Need a design taken from A to B or maybe A to Q?
Going from A to B might take one skill set and from B to C, another. Do you know what Q through B looks like? Stuff that brain matter back in your ears and take a breath. Let’s review the ABCs of project management and see if you’ve got the chops to design with me.
Skilled execution requires a clear input and a clear output. If the inputs, outputs, and processes are unambiguous, tasks can be outsourced. Sites like Fiverr and Upwork abound with talented and eager folks ready to tackle requests for less than you might expect. Try it, set aside $50 for a low-risk experiment. The question is though, are you sure your requirements and expectations look the same for every person from every angle? There are many tiers to conceptualizing an idea. From the broad concept level to the design minutia. The input shouldn’t be a general problem, idea, or even refined idea. This is a textbook mistake that concept owners and originators make when they don’t know the breakdown of tasks across the design and manufacturing process.
The input must be explicit, to minimize misinterpretation or miscommunication. Every time information is exchanged from person to person there is a loss of fidelity. When the intent isn’t clear from the start, additional loss can result in situations of total communication breakdowns and work with little or no added value. Be thorough in transferring all the knowledge that might be needed.
However, more information can be helpful but not a substitute for clear information. A “brain dump” when it is just a giant jumbled pile of disconnected thoughts, unfiltered and without context, may be an “unexplained lump” and cause a “constrain slump”. Garbage in, garbage out.

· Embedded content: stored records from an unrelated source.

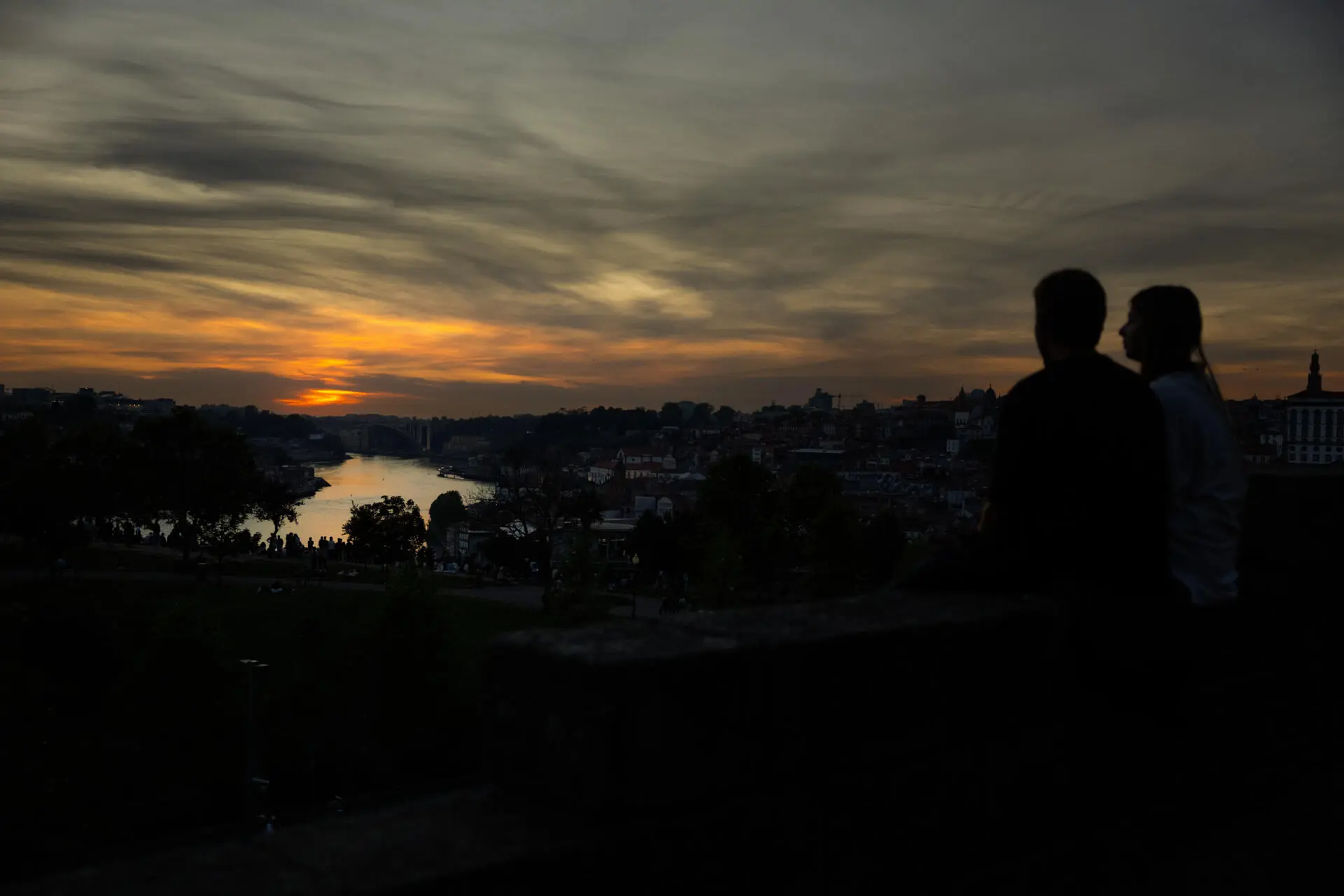 Casal contempla o pôr do sol no Jardim do Morro, em Vila Nova de Gaia, no dia do apagão que atingiu Portugal e Espanha, no dia 28 de abril (Foto: Pedro Correia)
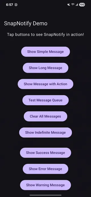 SnapNotify — легковесная, потокобезопасная библиотека Snackbar для Jetpack Compose с предельно простой настройкой. Показывайте снекбары из любого места с красивой стилизацией, управлением очередью и опциональной интеграцией с Hilt. Полностью на Kotlin.
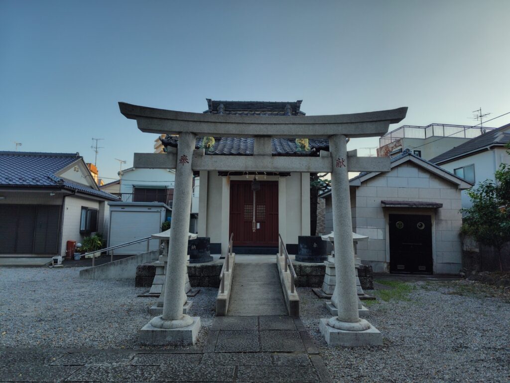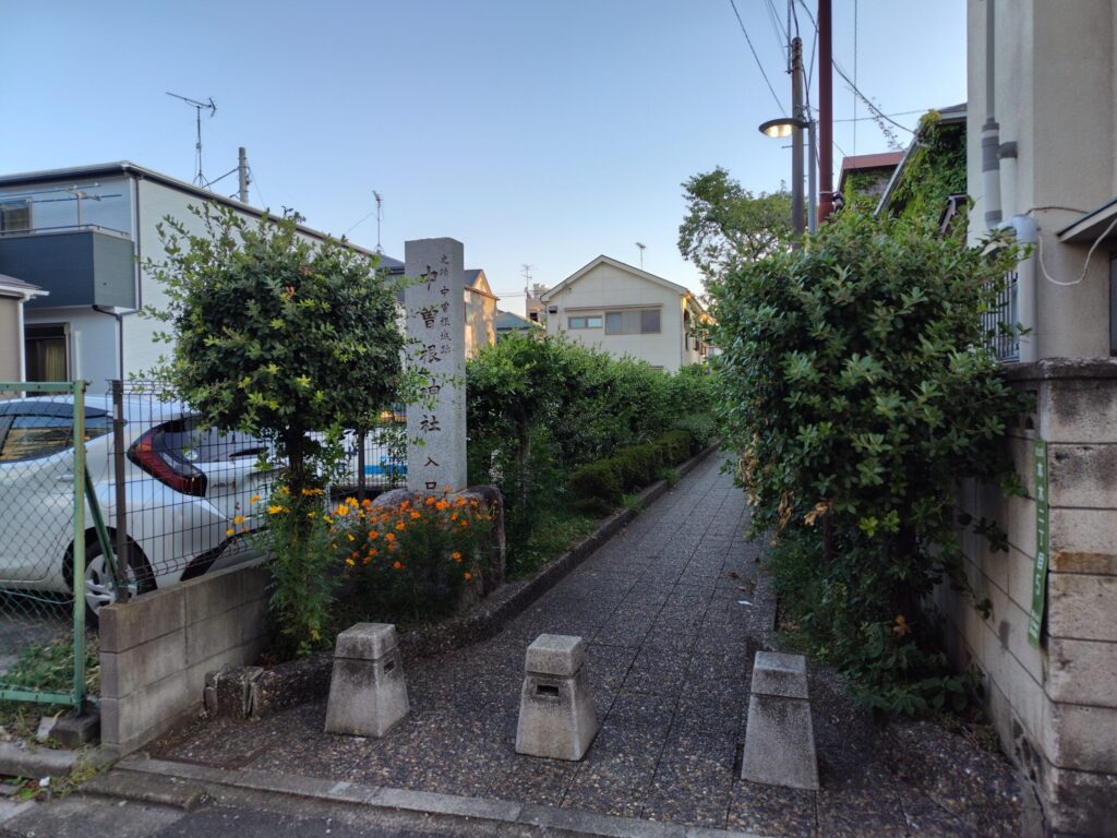 道路から外れると細い住宅地の路地になっていますので、住宅地に入る手前の有料駐車場にクルマを停めて歩いて進んでいきます。するとすぐに『中曽根神社入口』のあるので直ぐにわかると思います。
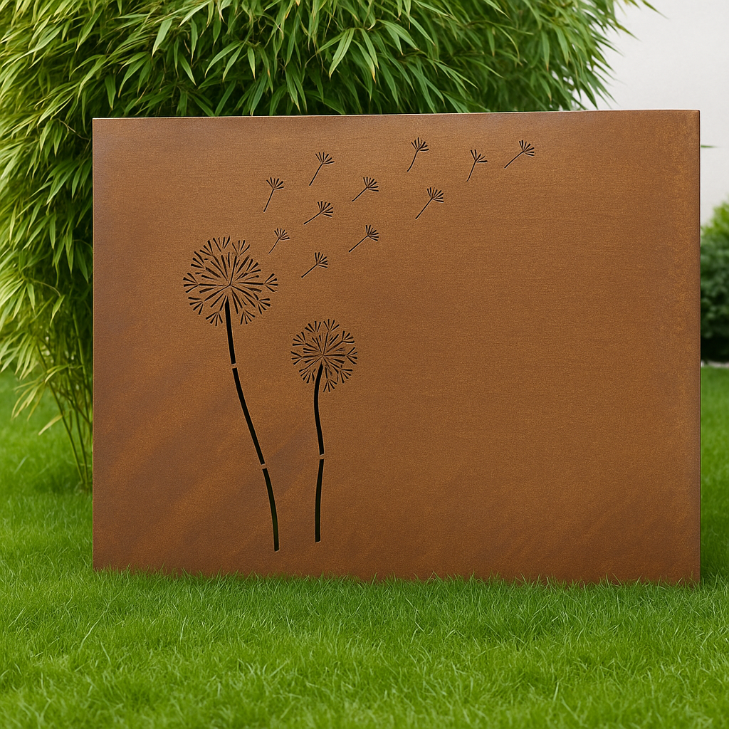 Edelrost Sichtschutzwand aus Metall , Löwenzahn , Pusterblume
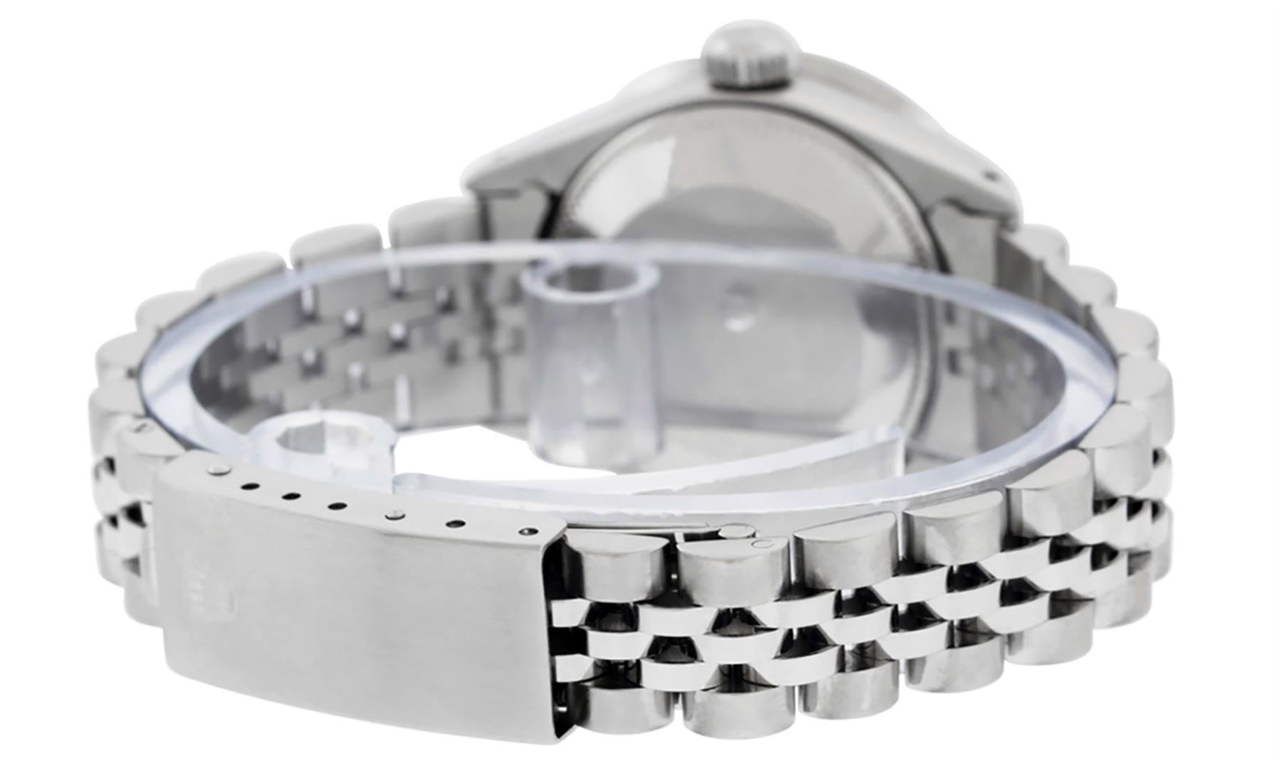 One Ladies Stainless Steel Rolex Datejust Polished Bright with Satin Finish, Serviced & Electronically Tested, Stainless Steel Case: 26mm, Stainless Steel Crown, Custom Bezel: New Stainless Steel Beadset Diamond Bezel, Diamond Count: 44 Diamonds, Total Weight .90 Carat, Clarity: SI-VS, Color: G to H. Custom Crystal: New Synthetic Sapphire Cyclops Lens. Custom Hands: New Luminescent Hands. Movement: Automatic Winding Movement Caliber 2030. Custom Dial: Refinished Ice Blue Diamond With Dash Track, Diamond Count: 10 Diamonds in Dial G To H In Color, Clarity: SI-VS. Date Window: 3 O'clock Position Date Display, Model: Datejust. Condition: G-6 Extra Fine. Bracelet: Stainless Steel Jubilee Band. Bright Polish & Satin Finish. 6.0 Inch Length, Adjustable. Standard Clasp, With Rolex Logo.
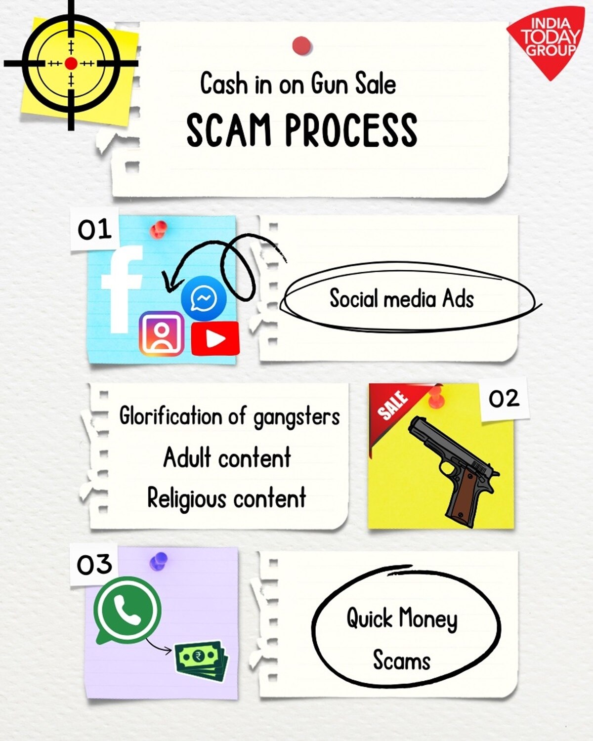इन गैंगस्टरों का महिमामंडन करने वाले आकर्षक संपादनों के बीच, समूह में बिक्री के लिए बंदूकों का विज्ञापन करने वाले लगभग 50 पोस्ट भी हैं, जिन्हें अक्सर संपर्क के लिए व्हाट्सएप नंबर के साथ जोड़ा जाता है. ऐसे समूह भी हैं, जो केवल आग्नेयास्त्रों की बिक्री के लिए समर्पित हैं.
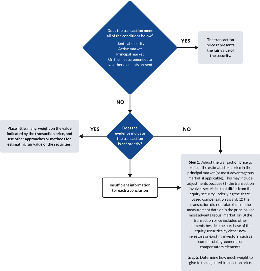 Specifically, the working paper provides a draft framework for incorporating these transactions in fair value. As noted above, the below framework is subject to change and does not constitute a recommendation from AICPA today:

Take the example of mistaken expectations when a concept gets tasked out for the almighty “3D model”. What is the expectation of the model? An industrial design concept? A virtual prototype? A final concept? A model can be a realistic blueprint or untethered to reality and impossible to make. The untrained eye can’t tell the difference and the uninitiated entrepreneur doesn’t know there is a difference.
Ideators envision a version of their product in their mind’s eye. When I think about a product concept, I don’t see just a product. I envision the whole ecosystem required from industrial machines, tooling, assemblers, packaging and test facilities. The truth is that the originator’s vision isn’t a solution, just the beginning of identifying a need. Even if a functional prototype or patent exists, it’s just a validation of the need, not a solution. This is how a lack of understanding of what is required for skilled execution leads to slow execution.
Great designers solve wicked problems. Wicked problems can be incomplete, contradictory, or a total stumper of a problem. Your problem is likely a wicked problem but you just don’t know it yet. You haven’t peeled back enough layers of the onion or found the Pandora’s box that will test your will and resolve.
We use a tool called “design thinking” to tackle wicked problems. Design thinking is a methodology and a mental muscle. It’s like the scientific method, but for every problem. The process is an ordered series of steps: empathize, define, ideate, prototype, test, assess, and iterate.
Challenging problems can have such a large scope they seem to have no beginning or end. This is where the desire to start throwing things over the fence to skilled implementors comes from. But this undisciplined approach to solving problems is an exercise in flushing resources and kicking the proverbial can down the road. The design thinking approach allows you to partition the massive and unwieldy project into compartmentalized and manageable bits that can then be individually tackled and reassembled to tame the whole beast.